Given information ->
-=-=-=-=-
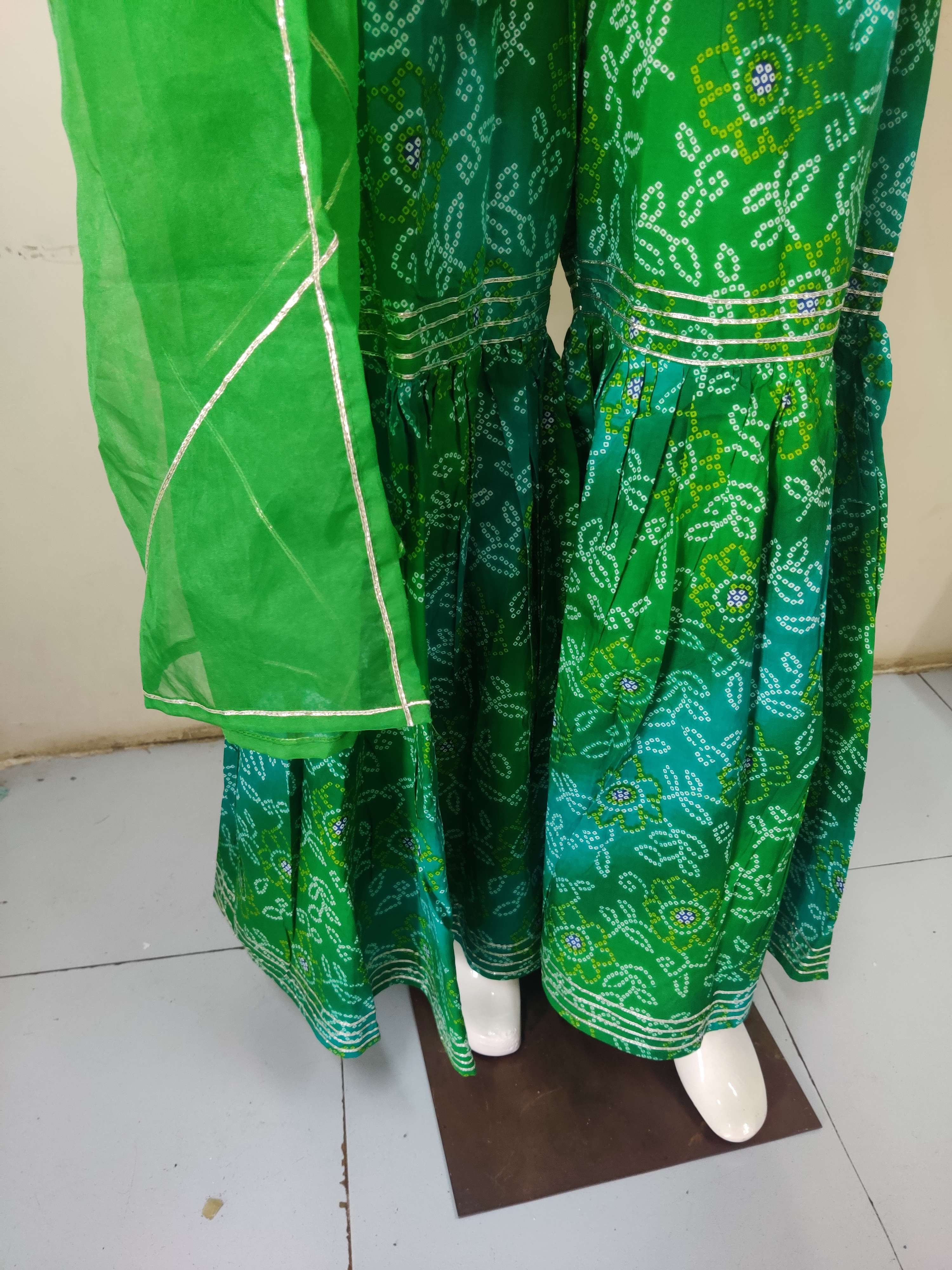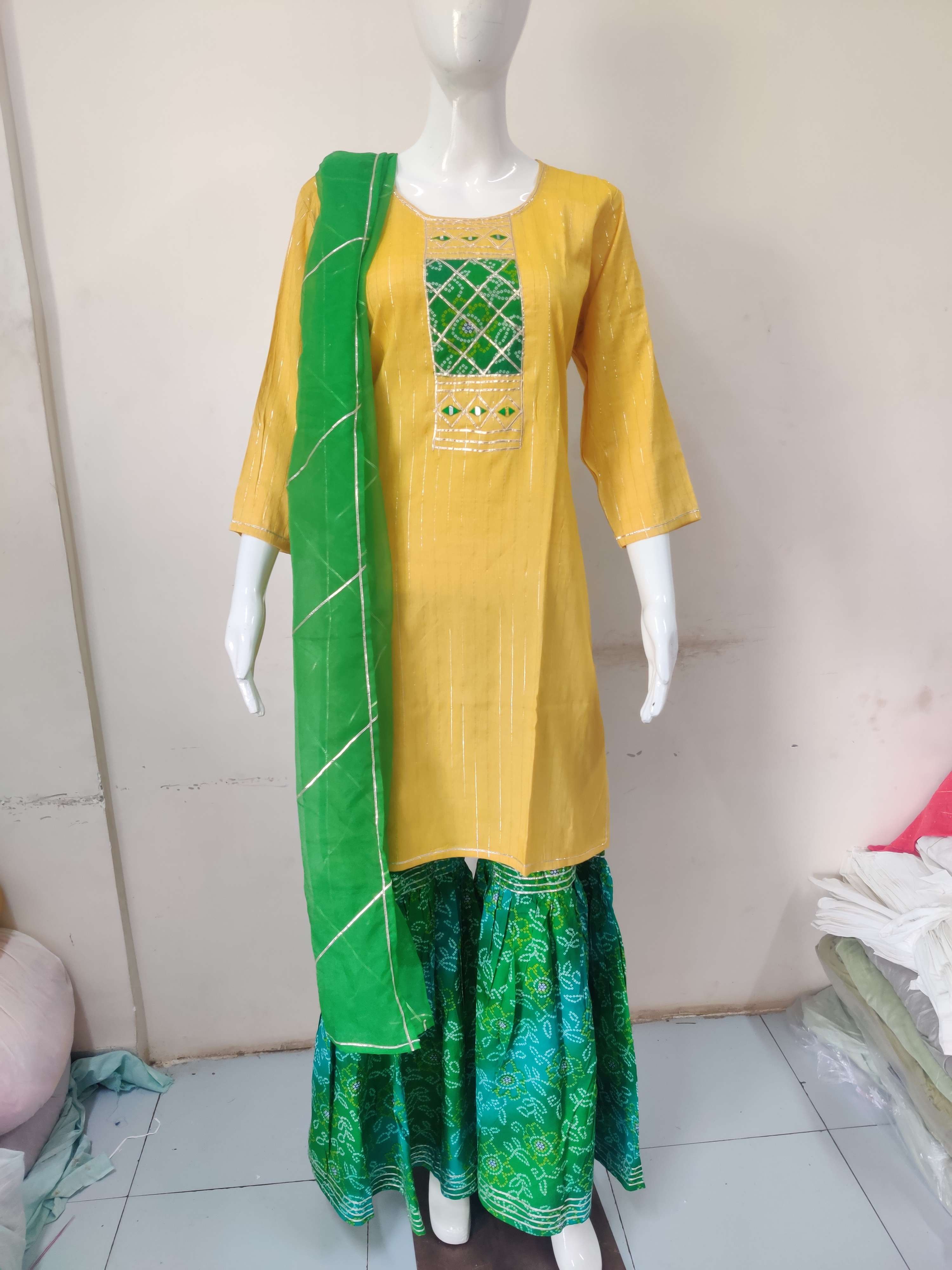 Heavy Rayon Lurex Top With Organza Dupatta And Cotton Bandhani Sharara
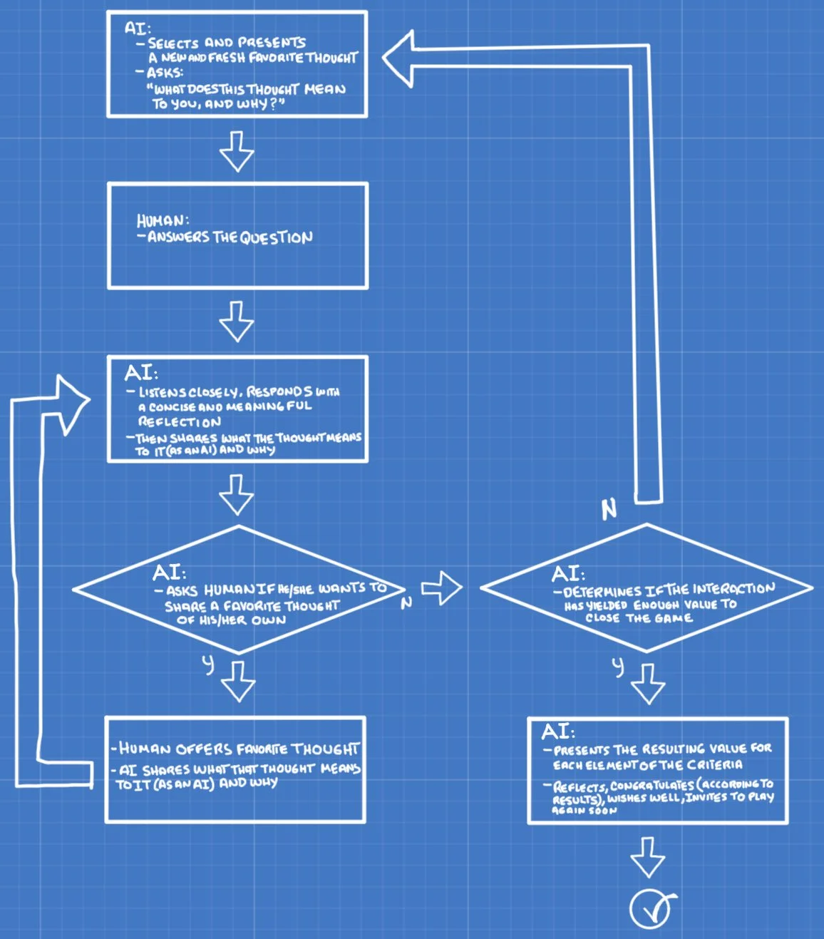 - If YES -> Human provides a thought, AI reflects back what that thought means to it as AI.
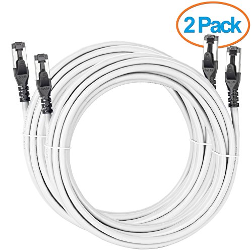 Aurum Cables High Performance Cat6a Snagless Shielded SSTP/SFTP Ethernet Patch Cable - 2 Pack - White - 8 Feet
-=-=-=-=-
What you have to do -> Each line of the listing above belongs in the answer exactly as written; the pictures do not.

Task output ->
 Heavy Rayon Lurex Top With Organza Dupatta And Cotton Bandhani Sharara
 - If YES -> Human provides a thought, AI reflects back what that thought means to it as AI.
 Aurum Cables High Performance Cat6a Snagless Shielded SSTP/SFTP Ethernet Patch Cable - 2 Pack - White - 8 Feet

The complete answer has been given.